EXERCISE DESCRIPTION: Print the material below exactly as it stands, please, from its first line to the line holding "水タンク 12L 2個セット", with no pictures.

PROVIDED MATERIAL:
.....

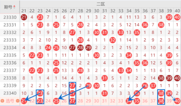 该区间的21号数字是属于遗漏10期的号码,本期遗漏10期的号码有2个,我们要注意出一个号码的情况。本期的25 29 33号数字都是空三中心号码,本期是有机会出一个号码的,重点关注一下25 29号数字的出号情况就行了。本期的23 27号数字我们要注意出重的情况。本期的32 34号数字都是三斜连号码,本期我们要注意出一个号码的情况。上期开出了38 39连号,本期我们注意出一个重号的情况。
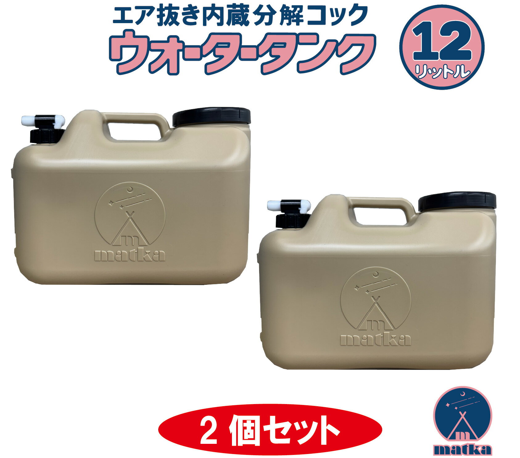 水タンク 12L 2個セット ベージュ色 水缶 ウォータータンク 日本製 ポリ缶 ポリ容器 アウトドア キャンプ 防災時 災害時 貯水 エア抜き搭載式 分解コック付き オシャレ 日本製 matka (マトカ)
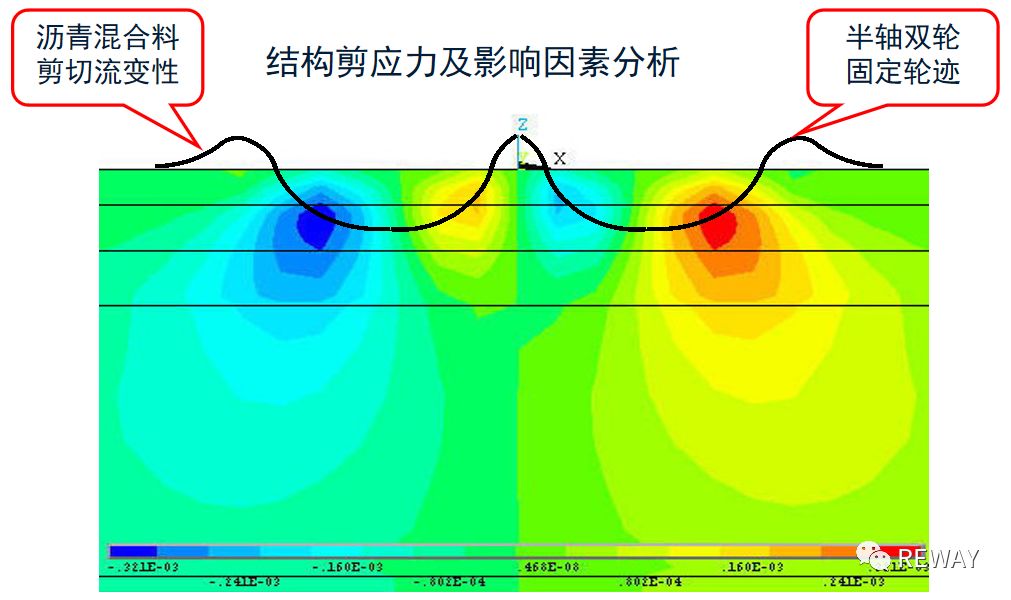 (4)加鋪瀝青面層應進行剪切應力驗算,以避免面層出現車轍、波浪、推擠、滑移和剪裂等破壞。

.....

SOLUTION TO THIS EXERCISE:
 该区间的21号数字是属于遗漏10期的号码,本期遗漏10期的号码有2个,我们要注意出一个号码的情况。本期的25 29 33号数字都是空三中心号码,本期是有机会出一个号码的,重点关注一下25 29号数字的出号情况就行了。本期的23 27号数字我们要注意出重的情况。本期的32 34号数字都是三斜连号码,本期我们要注意出一个号码的情况。上期开出了38 39连号,本期我们注意出一个重号的情况。
 水タンク 12L 2個セット ベージュ色 水缶 ウォータータンク 日本製 ポリ缶 ポリ容器 アウトドア キャンプ 防災時 災害時 貯水 エア抜き搭載式 分解コック付き オシャレ 日本製 matka (マトカ)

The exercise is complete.